▸ Records contained in a dataset:

'''

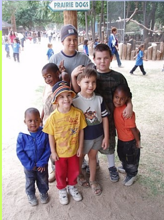
Boyz at the Zoo!
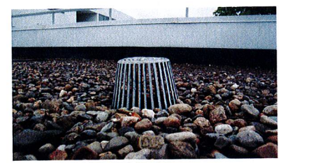
AREA DRAIN ON SLAB NOTE AGGREGATE ROCK SIZED TO BE LARGER THAN HOLES IN DRAIN COVER

APPROXIMATE LOCATION OF DRAINS ON SLAB REFER TO MECHANICAL ENG.
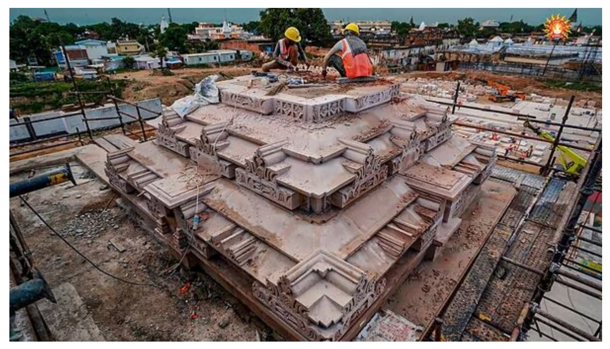
Ayodhya Ram Mandir

Mandir is around 18,000 crores. The funds for the project have been contributed by millions of devotees from all over the world, who have eagerly donated towards the noble cause. The construction of the temple is being carried out by skilled craftsmen and artisans, who are meticulously carving intricate designs and sculptures to adorn the temple.
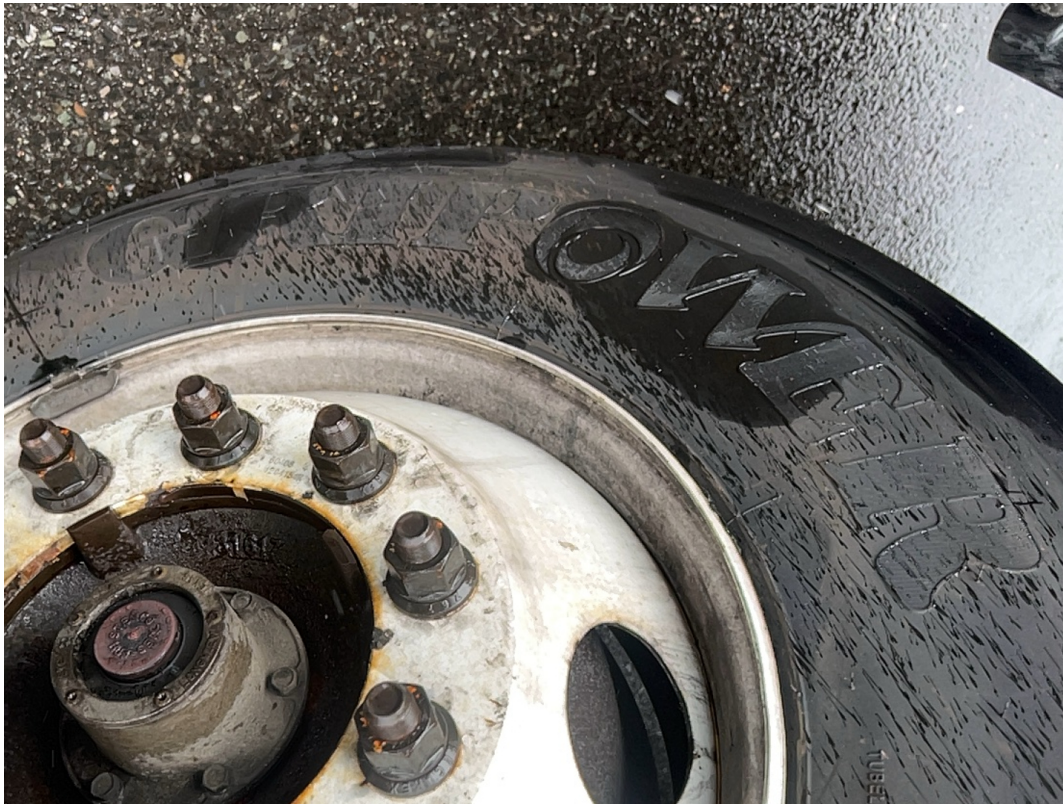
Left Steer Tire Brand / 09-18-2023
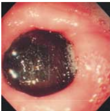
Figure 1 Endoscopic image of coin acting like a “ball-valve” at the pylorus. The coin was adherent to the mucosa in the duodenal cap by one of its edges, about which it appeared to swing

'''

▸ Assigned task: Show a copy of each line from the records above in which the string "SLAB" occurs.

▸ Answer box:
AREA DRAIN ON SLAB NOTE AGGREGATE ROCK SIZED TO BE LARGER THAN HOLES IN DRAIN COVER
APPROXIMATE LOCATION OF DRAINS ON SLAB REFER TO MECHANICAL ENG.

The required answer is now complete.